§ **WORK REQUIRED**
Repeat the listing that follows exactly. Pictures are not part of the copy.

§ **DATASET CONTENT**
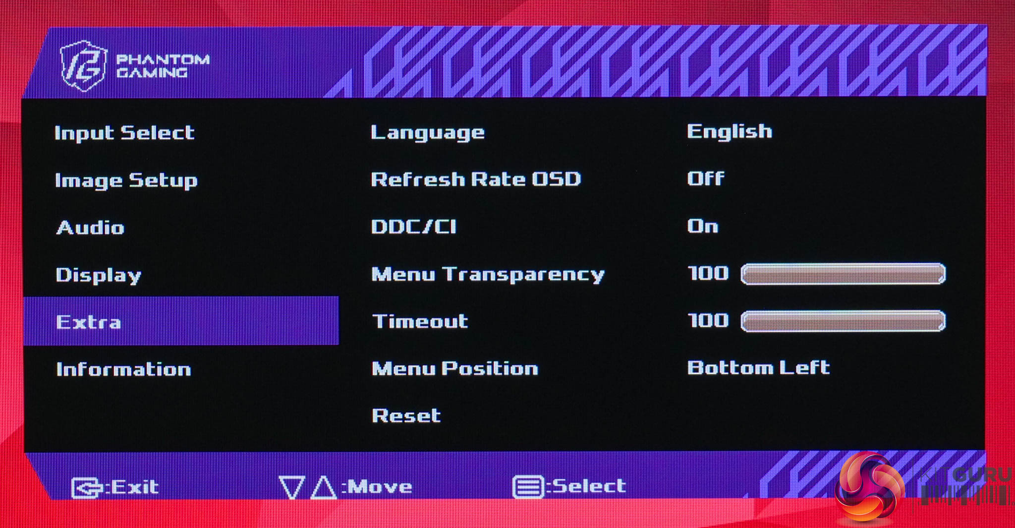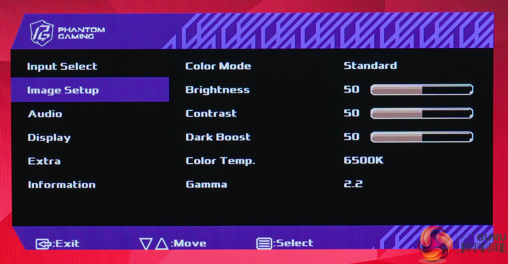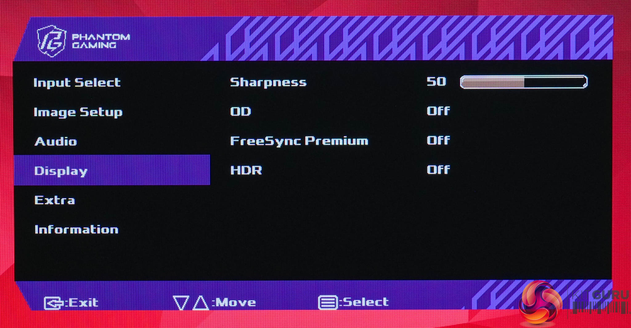 As for the OSD itself, everything is split over six main tabs, and I have to say not only does it look very dated, but it's lacking a number of features I'd expect from a modern gaming screen. There's no sRGB emulation mode for instance, nor are there standard gaming-oriented features like an on-screen crosshair, different presets for different game genres, or sniper-style view modes. It offers options for adaptive sync and three overdrive modes, and that's about it – so definitely work to be done here. Hopefully the default settings can deliver the goods, as there's not much room for error!
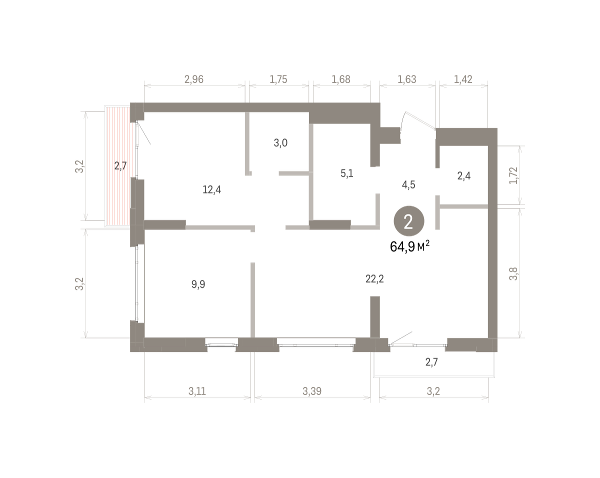 39.00 м² | 7 - 9 эт.
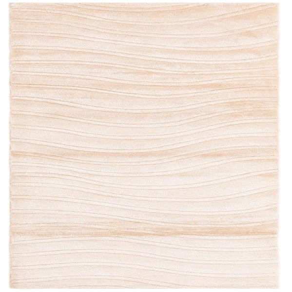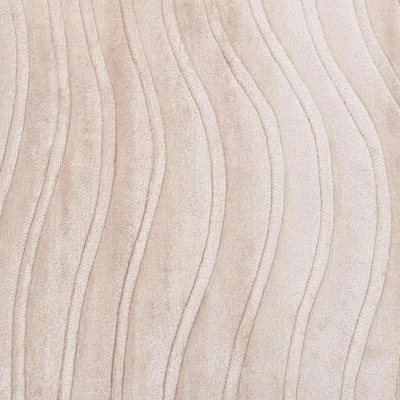 A soft, hand-knotted wool runner with a light peach ground and light brown wave motif, this rug pairs a subtle, tone-on-tone pattern with a sculpted pile that invites touch. The carved waves create gentle ridges and valleys across a plush wool surface, so the texture reads both visually and underfoot — soft to step on with a low-relief design that adds sculptural interest without overwhelming a space. The hand-knotted construction in 100% wool gives the pile a natural luster and a refined, tactile feel.
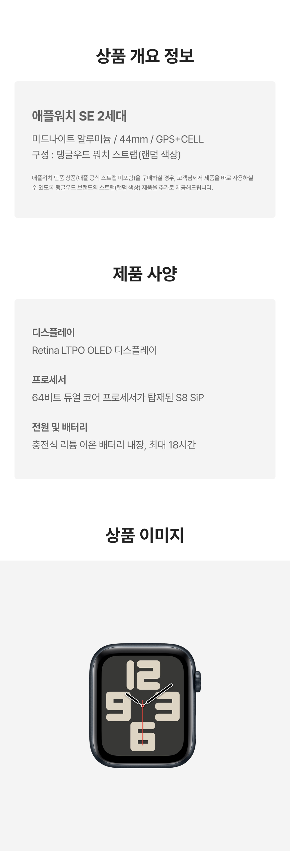 [S등급] 리퍼비시 애플워치 SE 2세대 44mm 셀룰러 미드나이트 알루미늄 케이스
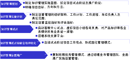 萬丈高樓平地起,本項目由客服中心總經(jīng)理牽頭,副總經(jīng)理和部門經(jīng)理組成領(lǐng)導(dǎo)小組,全面審視中心運營管理現(xiàn)狀,探索“SECI知識循環(huán)管理”理論與實際工作結(jié)合點,針對客服中心滿意度提升的三大主要癥結(jié)勾勒出知識管理實施藍(lán)圖,試點階段和推廣階段,總體目標(biāo)和階段性目標(biāo),監(jiān)控手段和評估指標(biāo)等。
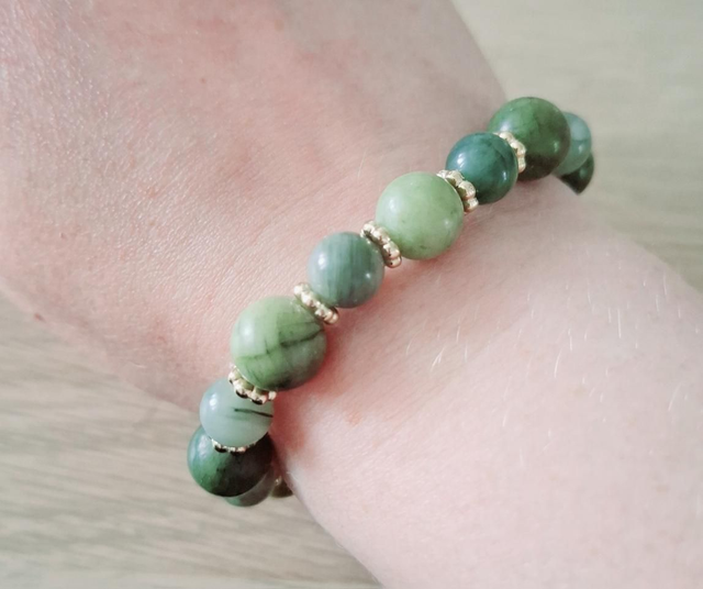 Silver metal bookmark with green aventurine chips Mini jar charm
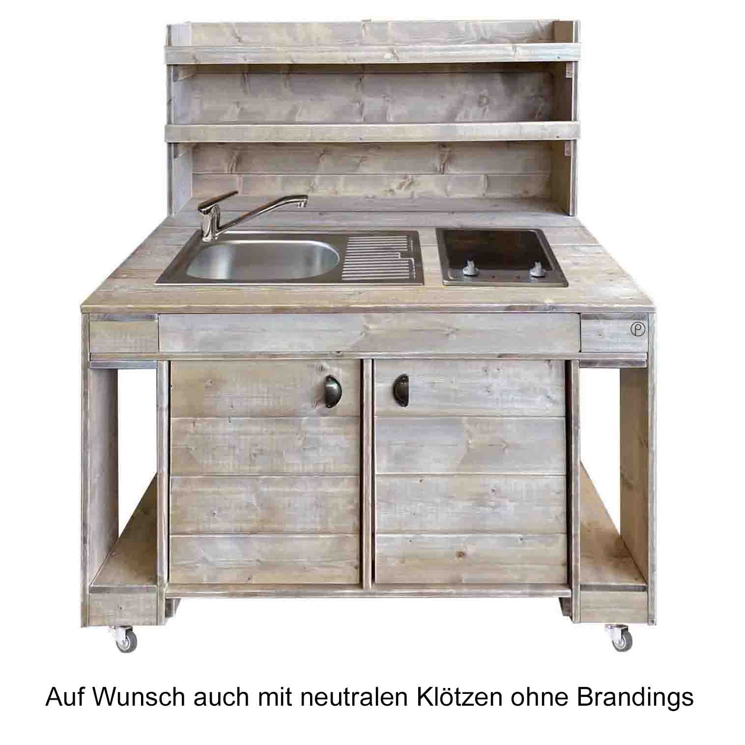 Grilltisch - Kücheninsel - Grillwagen - Outdoorküche im typischen Palettenmöbel Design Dieser funktionelle Grilltisch aus Neuholz lässt jedes Grillmeister-Herz höher schlagen.Sie werden Ihre Freude an diesem Grilltisch im Paletten Look haben, egal ob auf Terrasse, Balkon oder Garten. Viele praktische Detailsmachen diesen Palettentisch zu einem echten Schmuckstück.Die in die Tischplatte eingelassene Arbeitsfläche aus Feinsteinzeug erlaubt eine leichte Reinigung.4 seitliche Ablagen mit Rahmen sowie eine mittige Ablage schaffen reichlich Platz für Saucen, Gewürze oder Zubehör. 2 Schubladen bieten zusätzlichen Stauraum.Ausgestattet mit 4 Schwerlast-Rollen (2 davon mit Stopp-Funktion) wird dieser Palettenmöbel Grilltisch auch zum Grillwagen, und last sich mühelos an den gewünschten Standort transportieren.Varianten: "PREMIUM" mit Feinsteinzeug Einlage "PREMIUM" mit Edelstahl Arbeitsfläche "PREMIUM" mit Rückwand Regal u. Feinsteinzeug Einlage "PREMIUM" mit Rückwand Regal u. Arbeitsfläche Edelstahl Maße: Breite: 120 cm Tiefe: 80 cm Höhe: 91 cm (incl. Rollen) Gewicht: 63 KgMaße, Gewicht und Farbgebung können materialbedingt minimal abweichen Material: Neuholz Kiefer / Fichte, Standard Auslieferung in Vintage gebeizt unbehandelt natur gerne auf AnfrageTischplatte: 3-Schichten Tischlerplatte mit Bootslack eingelassenAuf Wunsch auch mit neutralen Klötzen ohne Branding Eigenschaften: Massiv gebauter Grilltisch / Grillwagen 2 Schubladen mit Muschelgriff 1 mittiges Abstellfach 83,5 x 80 cm, seitlich je 2 Abstellfächer mit Rahmen 2 Doppelhakenleisten Edelstahl 4 Schwerlastrollen (davon 2 mit Feststeller)OPTIONAL: passgenaue Abdeckhaube (siehe Zubehör)Lieferzustand: Originalverpackt & Neu Artikel wird fertig montiert geliefert (Ausnahme: Rollen und Doppelhakenleiste) Dekorationen im Lieferumfang nicht enthaltenVersand: Versandkosten (nach Volumen / Gewicht) sind im jeweiligen Warenkorb ersichtlich Versand auf Inseln und ins Ausland nur auf Anfrage
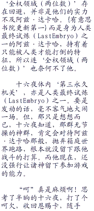 “不过那群蠢货肯定不愿意的!而现在嘛,大爷还无法做到强迫他们”十六夜咕嘟地说着,貌似有些失望。还掏出他天蓝色的恩赐卡,望向于恩赐栏上其中一项。
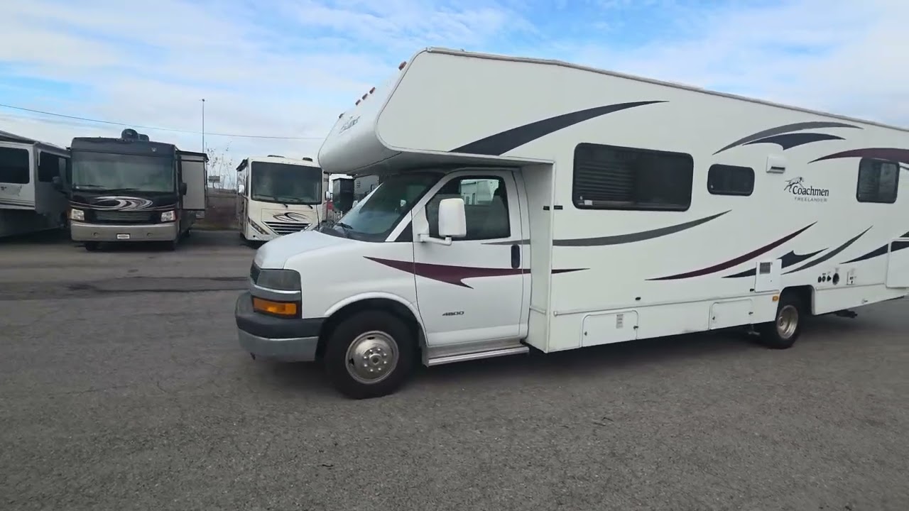 This 2012 Coachmen Freelander 28QB on the Chevy chassis is a compact, easy-driving Class C motorhome known for its large rear storage garage, open floorplan, and durable construction. This unit has 11,326 miles, 68 hours on the Generac generator, a backup camera, and was driven in from Las Vegas.
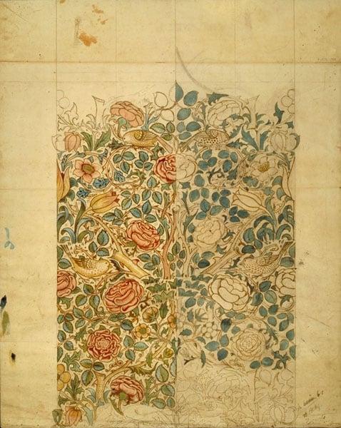 Morris' design for 'Chintz', registered early in 1883, is one of many of his designs on the theme of birds amidst flowers, foliage or fruit. The printed patterns involved very subtle dye colours and a large number of separate blocks. This admitted effects of great tonal variety and managed to translate Morris' complex designs with almost complete fidelity.
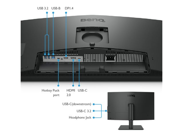 Description du produit BenQ DesignVue PD2706U - Professional Series - écran LED - 4K - 27" - HDR Type de périphérique Écran LCD à rétroéclairage LED - 27" Classe énergétique Classe G Caractéristiques Hub USB, commutateur KVM Type de panneau IPS Facteur de forme 16:9 Résolution native 4K 3840 x 2160 à 60 Hz Luminosité 400 cd/m² Rapport de contraste 1200:1 Compatible HDR HDR10 / DisplayHDR 400 Temps de réponse 5 ms (gris-à-gris) Prise en charge des couleurs 1,07 milliards de couleurs Gamme de couleurs 99% Rec 709, 99% sRGB, 95% P3 Connecteurs d'entrée HDMI, DisplayPort, USB-C Réglages de la position de l'écran Hauteur, pivot (rotation), pivotant, inclinaison Revêtement de l'écran Anti-éblouissement Tension CA 100-240 V Dimensions (LxPxH) - sans base 61.38 cm x 8.77 cm x 36.76 cm Poids 5.3 kg Normes de conformité TUV Rheinland Low Blue Light Certification, TUV Rheinland Flicker Free Certification, HDCP 2.2, Solidworks certification Garantie du fabricant Garantie de 3 ans -
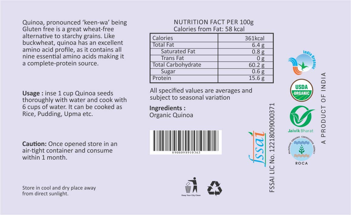 Orgrain India Organic Quinoa Seeds 200g | Gluten Free High Fibre Best for Weight Loss | Company-Owned Farmlands
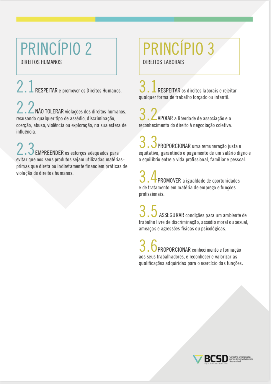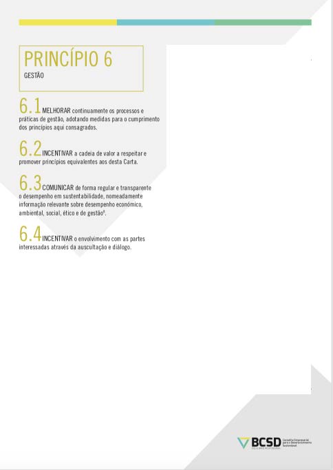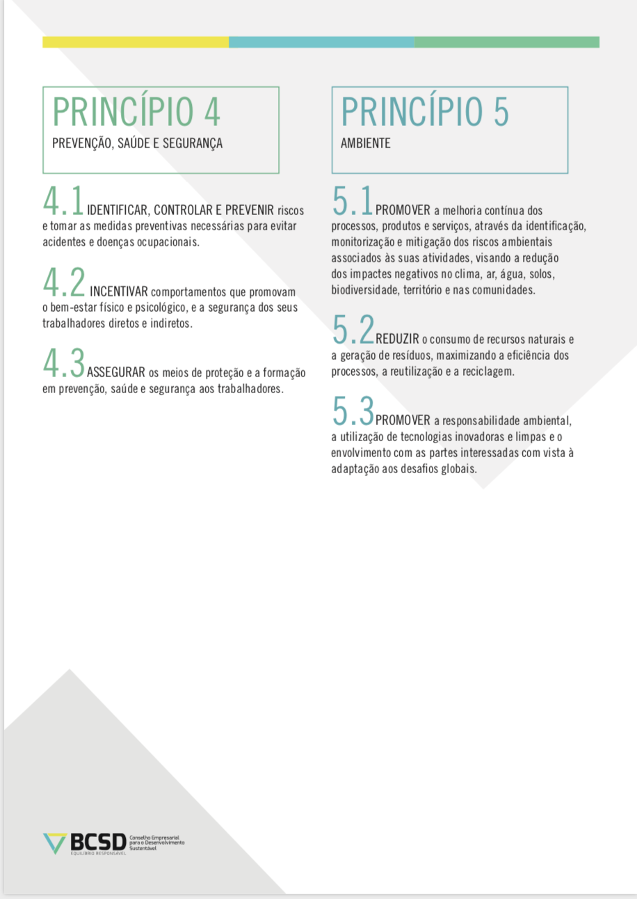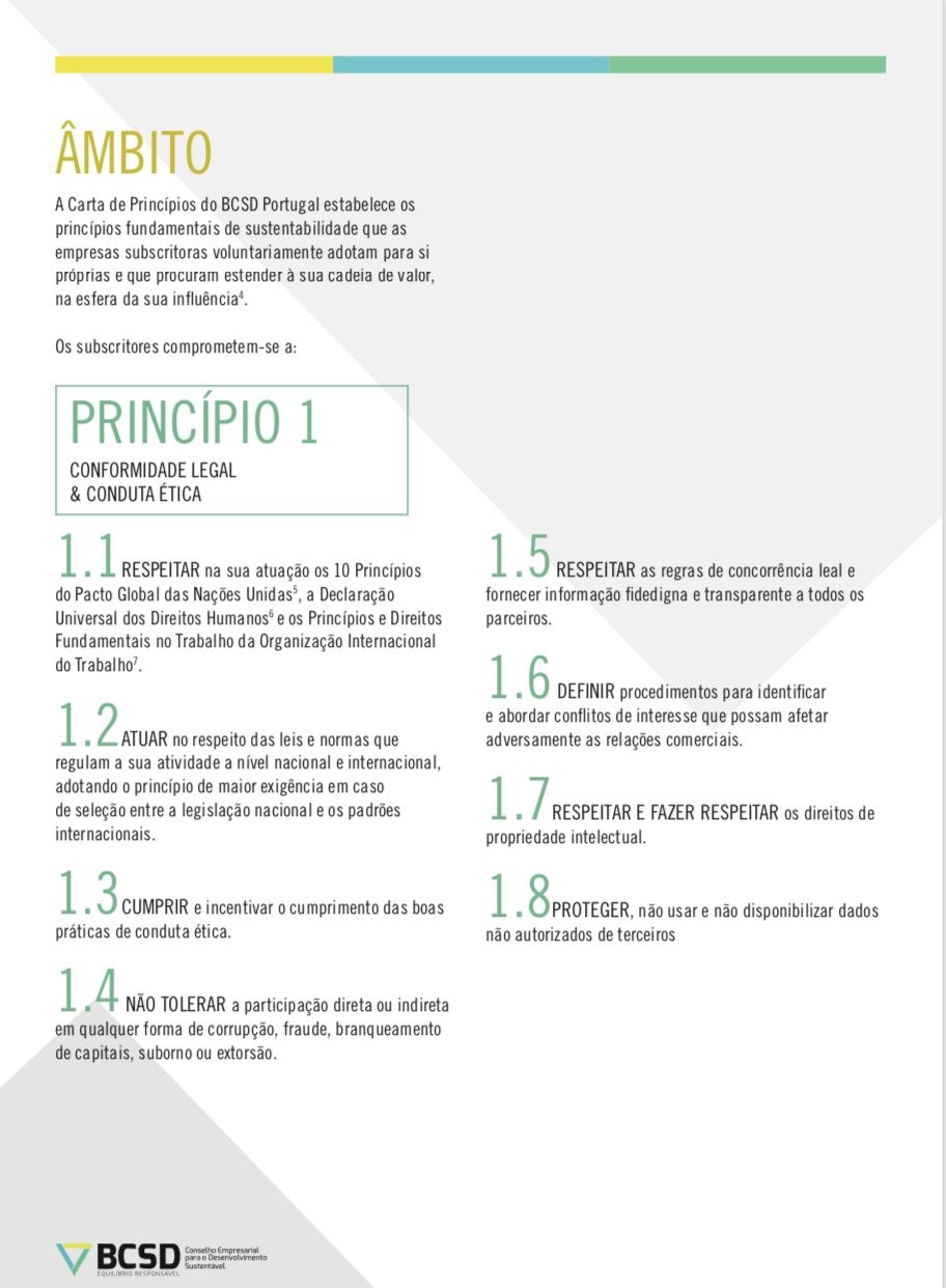 A Carta de Princípios do BCSD Portugal estabelece os princípios fundamentais de sustentabilidade que as empresas subscritoras voluntariamente adotam para si próprias e que procuram estender à sua cadeia de valor, na esfera da sua influência.

§ **OUTPUT OF THE TASK**
 As for the OSD itself, everything is split over six main tabs, and I have to say not only does it look very dated, but it's lacking a number of features I'd expect from a modern gaming screen. There's no sRGB emulation mode for instance, nor are there standard gaming-oriented features like an on-screen crosshair, different presets for different game genres, or sniper-style view modes. It offers options for adaptive sync and three overdrive modes, and that's about it – so definitely work to be done here. Hopefully the default settings can deliver the goods, as there's not much room for error!
 39.00 м² | 7 - 9 эт.
 A soft, hand-knotted wool runner with a light peach ground and light brown wave motif, this rug pairs a subtle, tone-on-tone pattern with a sculpted pile that invites touch. The carved waves create gentle ridges and valleys across a plush wool surface, so the texture reads both visually and underfoot — soft to step on with a low-relief design that adds sculptural interest without overwhelming a space. The hand-knotted construction in 100% wool gives the pile a natural luster and a refined, tactile feel.
 [S등급] 리퍼비시 애플워치 SE 2세대 44mm 셀룰러 미드나이트 알루미늄 케이스
 萬丈高樓平地起,本項目由客服中心總經(jīng)理牽頭,副總經(jīng)理和部門經(jīng)理組成領(lǐng)導(dǎo)小組,全面審視中心運營管理現(xiàn)狀,探索“SECI知識循環(huán)管理”理論與實際工作結(jié)合點,針對客服中心滿意度提升的三大主要癥結(jié)勾勒出知識管理實施藍(lán)圖,試點階段和推廣階段,總體目標(biāo)和階段性目標(biāo),監(jiān)控手段和評估指標(biāo)等。
 Silver metal bookmark with green aventurine chips Mini jar charm
 Grilltisch - Kücheninsel - Grillwagen - Outdoorküche im typischen Palettenmöbel Design Dieser funktionelle Grilltisch aus Neuholz lässt jedes Grillmeister-Herz höher schlagen.Sie werden Ihre Freude an diesem Grilltisch im Paletten Look haben, egal ob auf Terrasse, Balkon oder Garten. Viele praktische Detailsmachen diesen Palettentisch zu einem echten Schmuckstück.Die in die Tischplatte eingelassene Arbeitsfläche aus Feinsteinzeug erlaubt eine leichte Reinigung.4 seitliche Ablagen mit Rahmen sowie eine mittige Ablage schaffen reichlich Platz für Saucen, Gewürze oder Zubehör. 2 Schubladen bieten zusätzlichen Stauraum.Ausgestattet mit 4 Schwerlast-Rollen (2 davon mit Stopp-Funktion) wird dieser Palettenmöbel Grilltisch auch zum Grillwagen, und last sich mühelos an den gewünschten Standort transportieren.Varianten: "PREMIUM" mit Feinsteinzeug Einlage "PREMIUM" mit Edelstahl Arbeitsfläche "PREMIUM" mit Rückwand Regal u. Feinsteinzeug Einlage "PREMIUM" mit Rückwand Regal u. Arbeitsfläche Edelstahl Maße: Breite: 120 cm Tiefe: 80 cm Höhe: 91 cm (incl. Rollen) Gewicht: 63 KgMaße, Gewicht und Farbgebung können materialbedingt minimal abweichen Material: Neuholz Kiefer / Fichte, Standard Auslieferung in Vintage gebeizt unbehandelt natur gerne auf AnfrageTischplatte: 3-Schichten Tischlerplatte mit Bootslack eingelassenAuf Wunsch auch mit neutralen Klötzen ohne Branding Eigenschaften: Massiv gebauter Grilltisch / Grillwagen 2 Schubladen mit Muschelgriff 1 mittiges Abstellfach 83,5 x 80 cm, seitlich je 2 Abstellfächer mit Rahmen 2 Doppelhakenleisten Edelstahl 4 Schwerlastrollen (davon 2 mit Feststeller)OPTIONAL: passgenaue Abdeckhaube (siehe Zubehör)Lieferzustand: Originalverpackt & Neu Artikel wird fertig montiert geliefert (Ausnahme: Rollen und Doppelhakenleiste) Dekorationen im Lieferumfang nicht enthaltenVersand: Versandkosten (nach Volumen / Gewicht) sind im jeweiligen Warenkorb ersichtlich Versand auf Inseln und ins Ausland nur auf Anfrage
 “不过那群蠢货肯定不愿意的!而现在嘛,大爷还无法做到强迫他们”十六夜咕嘟地说着,貌似有些失望。还掏出他天蓝色的恩赐卡,望向于恩赐栏上其中一项。
 This 2012 Coachmen Freelander 28QB on the Chevy chassis is a compact, easy-driving Class C motorhome known for its large rear storage garage, open floorplan, and durable construction. This unit has 11,326 miles, 68 hours on the Generac generator, a backup camera, and was driven in from Las Vegas.
 Morris' design for 'Chintz', registered early in 1883, is one of many of his designs on the theme of birds amidst flowers, foliage or fruit. The printed patterns involved very subtle dye colours and a large number of separate blocks. This admitted effects of great tonal variety and managed to translate Morris' complex designs with almost complete fidelity.
 Description du produit BenQ DesignVue PD2706U - Professional Series - écran LED - 4K - 27" - HDR Type de périphérique Écran LCD à rétroéclairage LED - 27" Classe énergétique Classe G Caractéristiques Hub USB, commutateur KVM Type de panneau IPS Facteur de forme 16:9 Résolution native 4K 3840 x 2160 à 60 Hz Luminosité 400 cd/m² Rapport de contraste 1200:1 Compatible HDR HDR10 / DisplayHDR 400 Temps de réponse 5 ms (gris-à-gris) Prise en charge des couleurs 1,07 milliards de couleurs Gamme de couleurs 99% Rec 709, 99% sRGB, 95% P3 Connecteurs d'entrée HDMI, DisplayPort, USB-C Réglages de la position de l'écran Hauteur, pivot (rotation), pivotant, inclinaison Revêtement de l'écran Anti-éblouissement Tension CA 100-240 V Dimensions (LxPxH) - sans base 61.38 cm x 8.77 cm x 36.76 cm Poids 5.3 kg Normes de conformité TUV Rheinland Low Blue Light Certification, TUV Rheinland Flicker Free Certification, HDCP 2.2, Solidworks certification Garantie du fabricant Garantie de 3 ans -
 Orgrain India Organic Quinoa Seeds 200g | Gluten Free High Fibre Best for Weight Loss | Company-Owned Farmlands
 A Carta de Princípios do BCSD Portugal estabelece os princípios fundamentais de sustentabilidade que as empresas subscritoras voluntariamente adotam para si próprias e que procuram estender à sua cadeia de valor, na esfera da sua influência.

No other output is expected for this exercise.